Could you retype exactly the lines below between the one holding "maternity wear dress" and the one holding "一则来自周星驰经纪人的公开质", inclusive, leaving out any pictures?

--- Data supplied ---
--

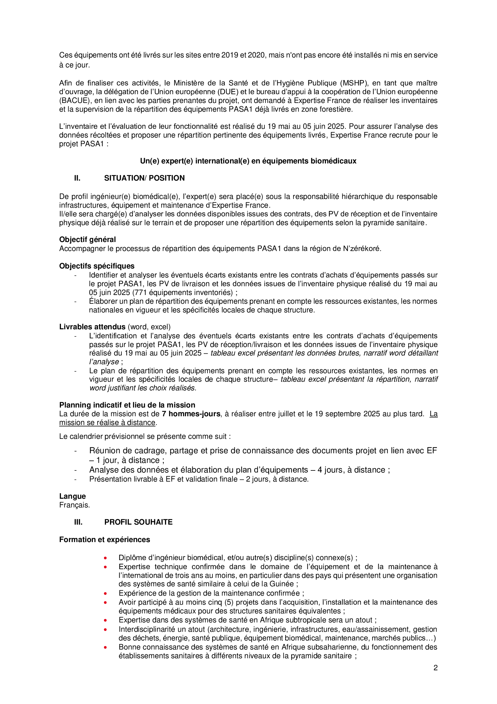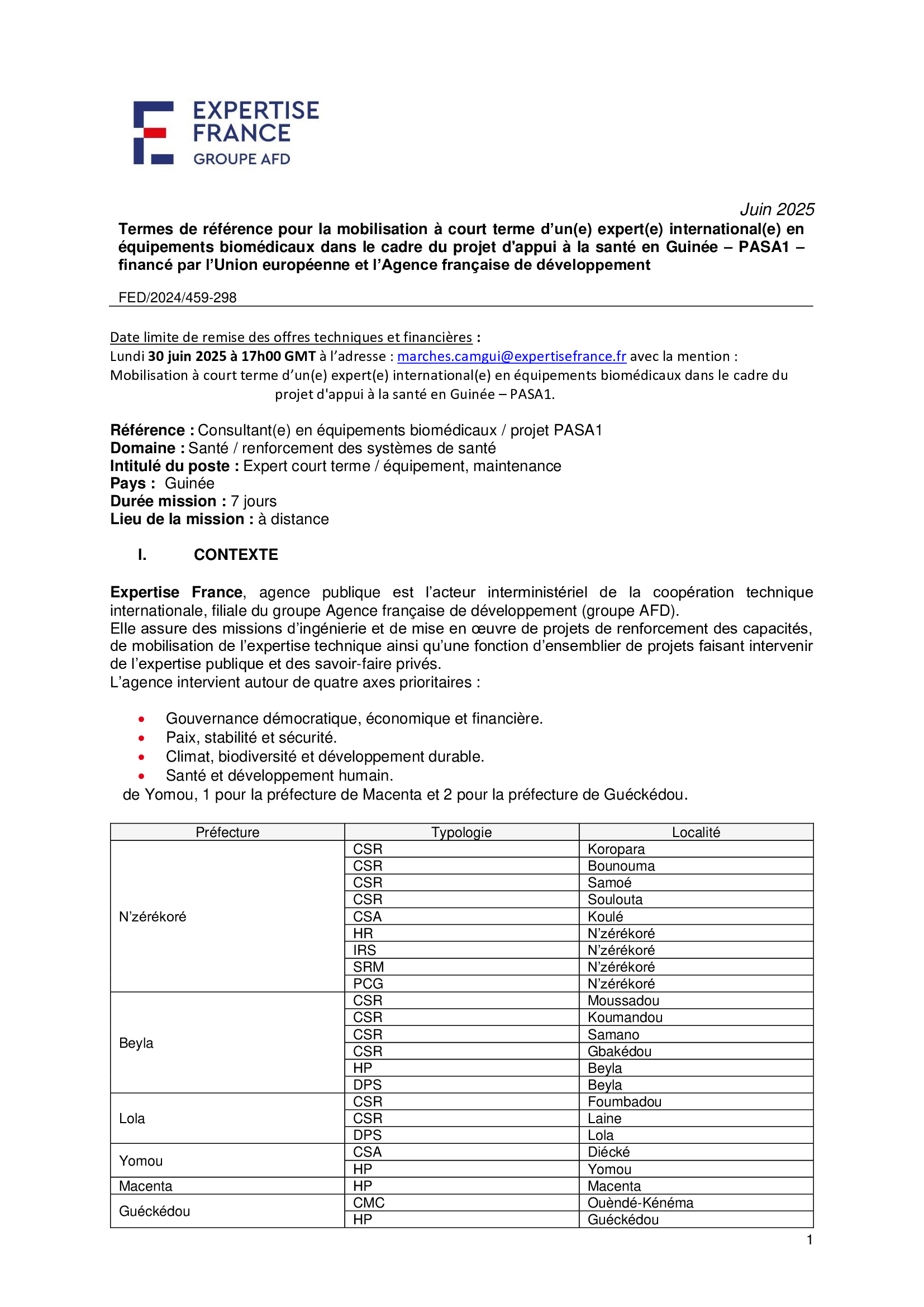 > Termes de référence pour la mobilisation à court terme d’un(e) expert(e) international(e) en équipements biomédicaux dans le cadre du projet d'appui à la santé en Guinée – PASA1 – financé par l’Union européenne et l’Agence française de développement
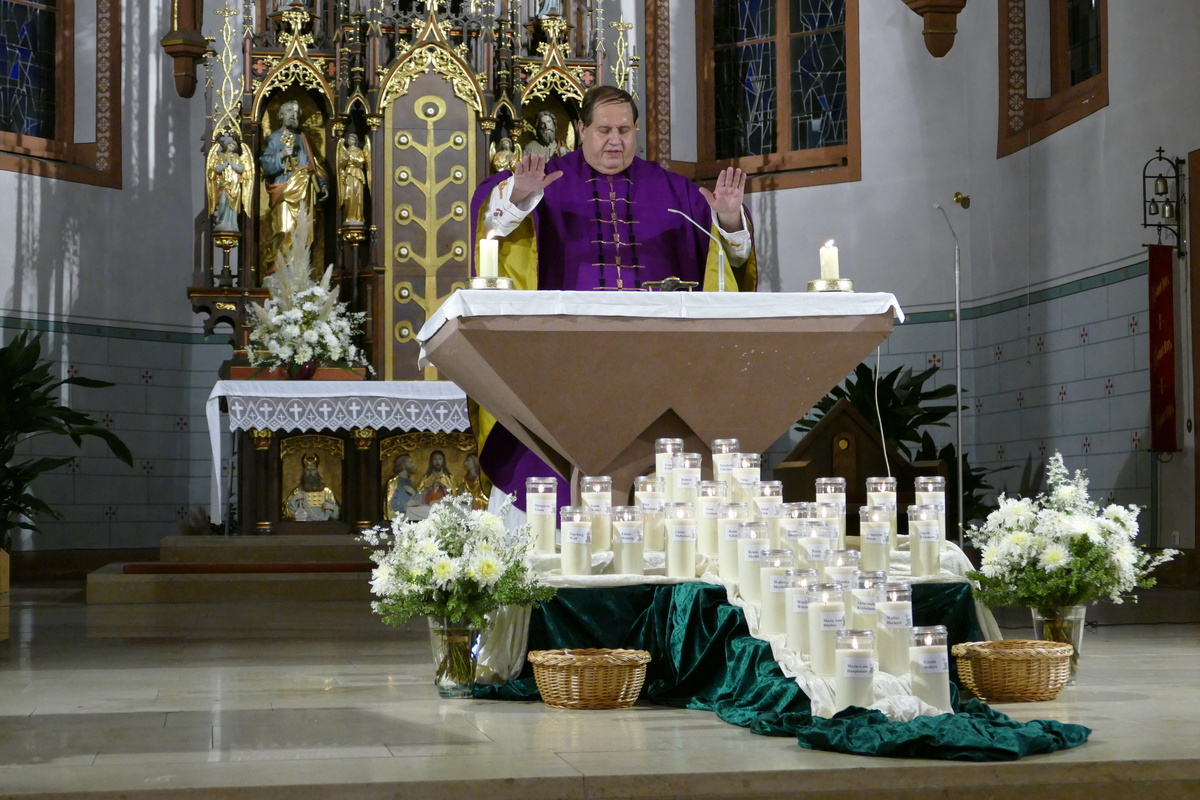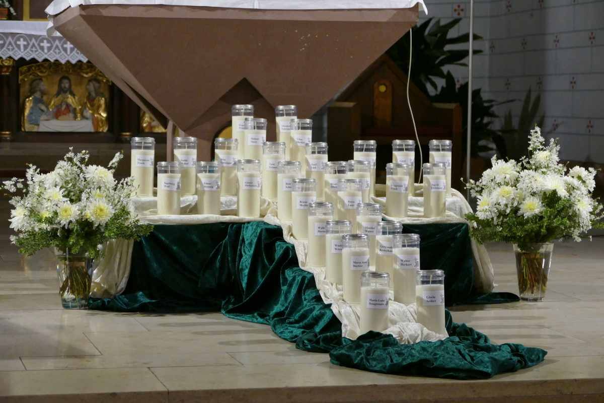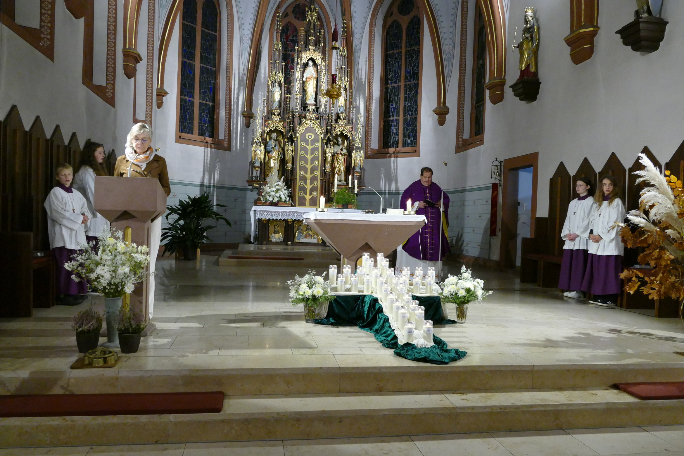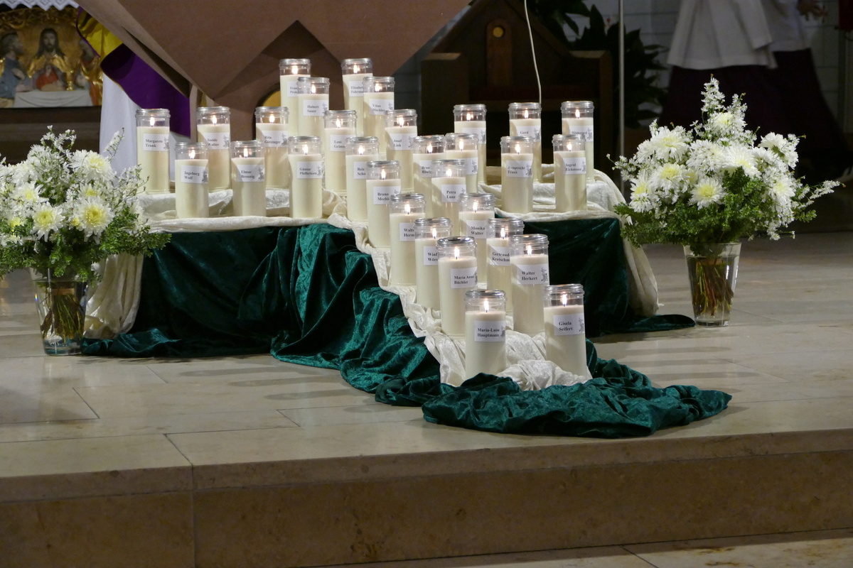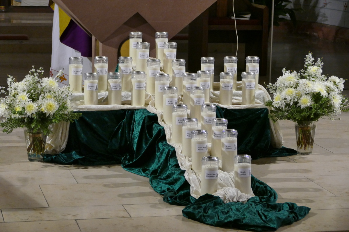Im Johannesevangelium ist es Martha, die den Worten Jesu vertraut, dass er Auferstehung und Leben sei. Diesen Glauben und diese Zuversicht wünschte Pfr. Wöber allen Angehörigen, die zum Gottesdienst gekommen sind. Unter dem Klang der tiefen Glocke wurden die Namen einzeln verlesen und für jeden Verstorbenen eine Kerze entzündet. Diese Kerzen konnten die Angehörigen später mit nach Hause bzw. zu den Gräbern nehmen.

--

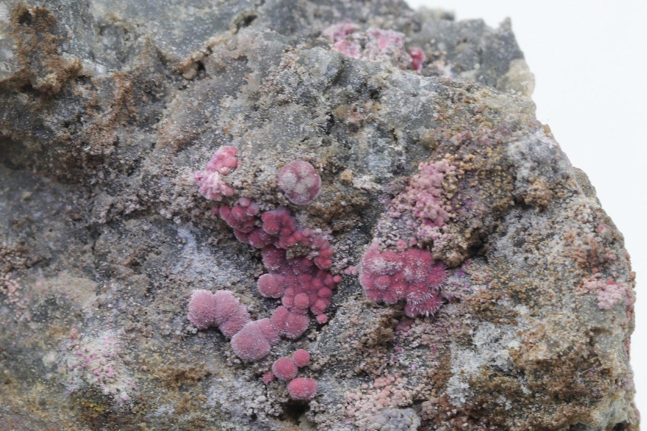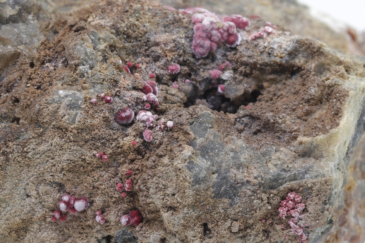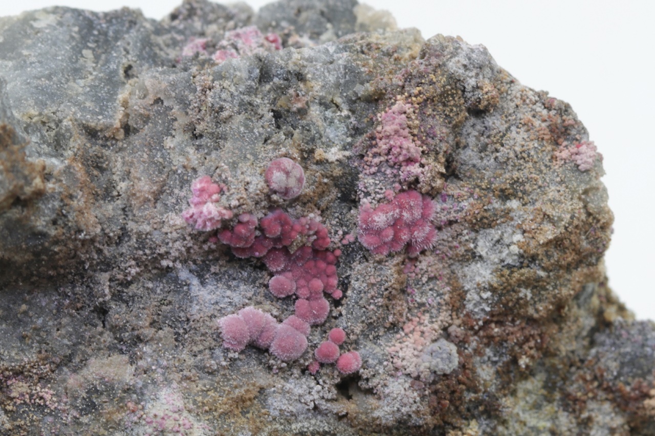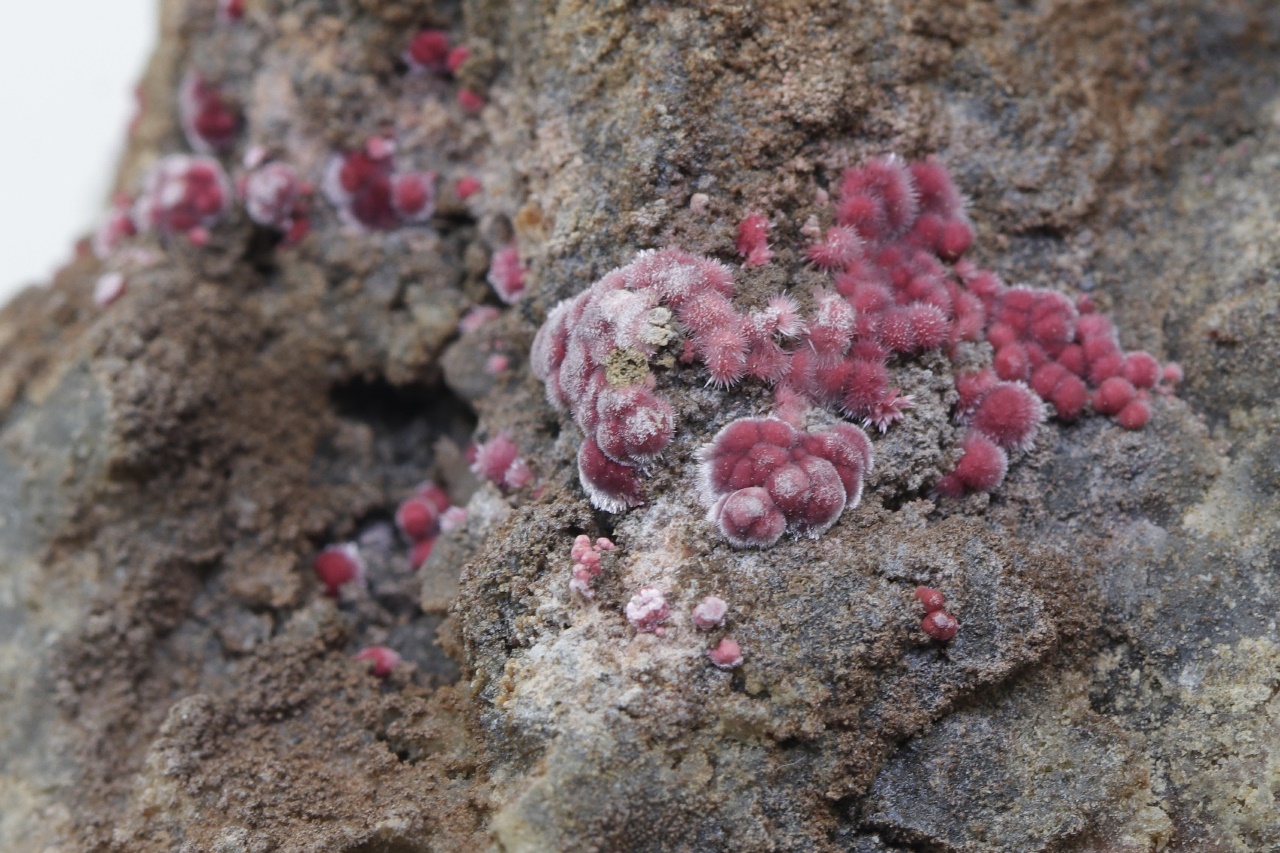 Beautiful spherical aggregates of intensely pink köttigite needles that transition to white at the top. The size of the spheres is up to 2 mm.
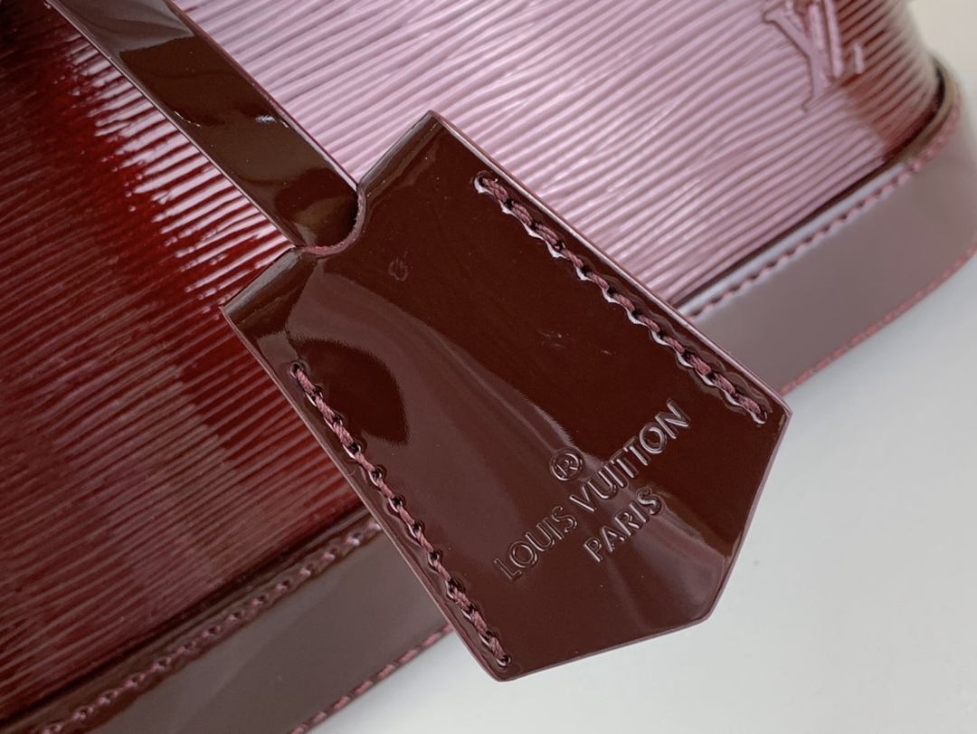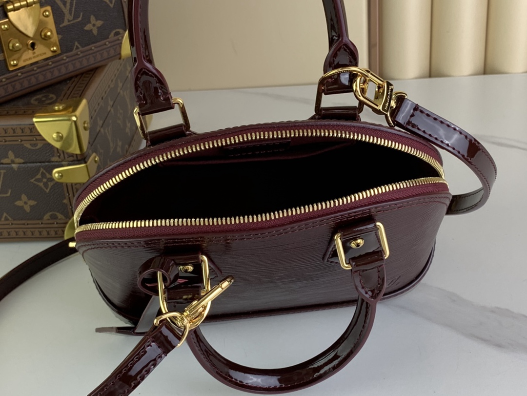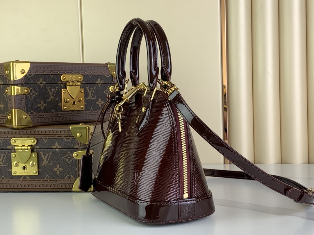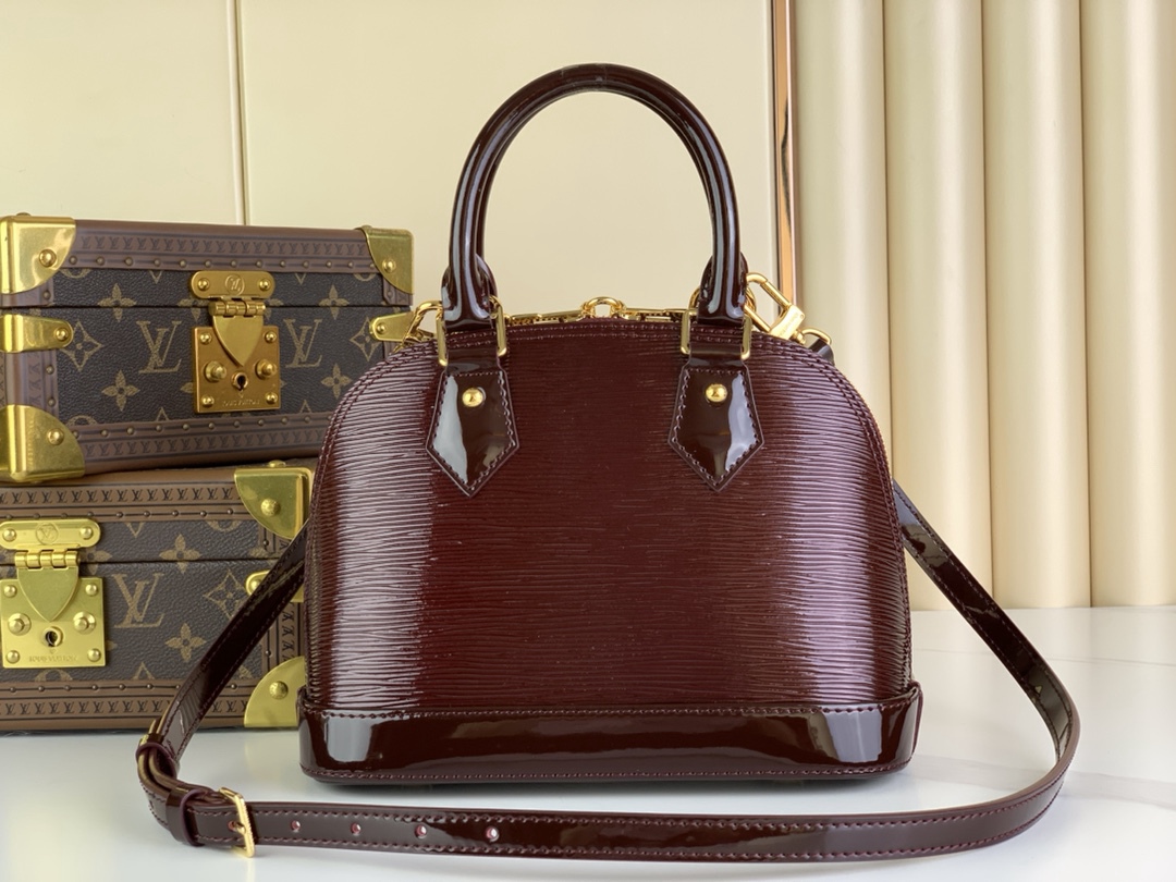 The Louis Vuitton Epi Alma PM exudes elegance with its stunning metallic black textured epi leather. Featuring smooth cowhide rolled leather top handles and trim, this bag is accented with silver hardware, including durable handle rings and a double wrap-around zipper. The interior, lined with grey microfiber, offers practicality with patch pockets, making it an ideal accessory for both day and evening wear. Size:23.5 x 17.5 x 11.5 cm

--

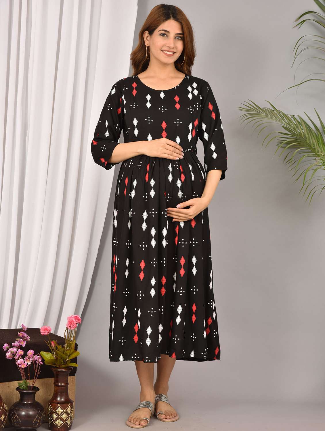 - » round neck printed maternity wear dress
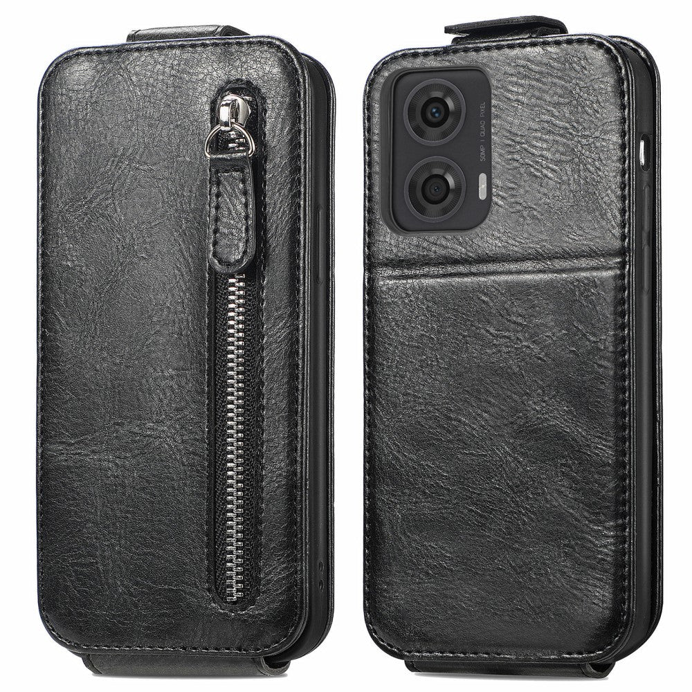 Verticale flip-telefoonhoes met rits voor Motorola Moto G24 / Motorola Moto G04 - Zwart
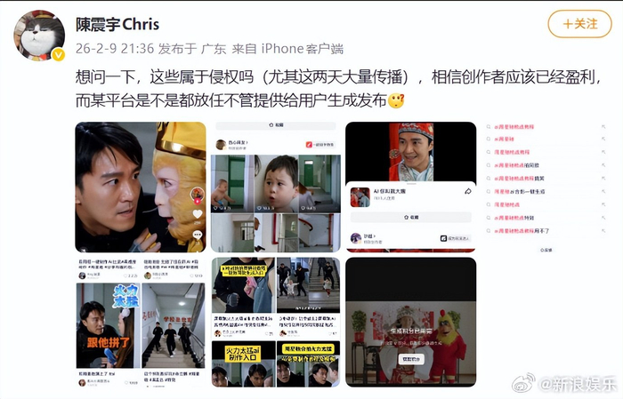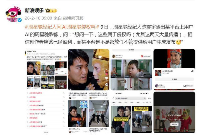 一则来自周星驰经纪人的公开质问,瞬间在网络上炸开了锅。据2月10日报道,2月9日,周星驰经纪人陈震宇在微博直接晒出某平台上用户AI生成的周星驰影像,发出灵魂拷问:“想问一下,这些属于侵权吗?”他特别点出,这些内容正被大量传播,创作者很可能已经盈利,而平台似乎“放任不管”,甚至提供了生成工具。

--

--- Exercise response ---
 - » round neck printed maternity wear dress
 Verticale flip-telefoonhoes met rits voor Motorola Moto G24 / Motorola Moto G04 - Zwart
 一则来自周星驰经纪人的公开质问,瞬间在网络上炸开了锅。据2月10日报道,2月9日,周星驰经纪人陈震宇在微博直接晒出某平台上用户AI生成的周星驰影像,发出灵魂拷问:“想问一下,这些属于侵权吗?”他特别点出,这些内容正被大量传播,创作者很可能已经盈利,而平台似乎“放任不管”,甚至提供了生成工具。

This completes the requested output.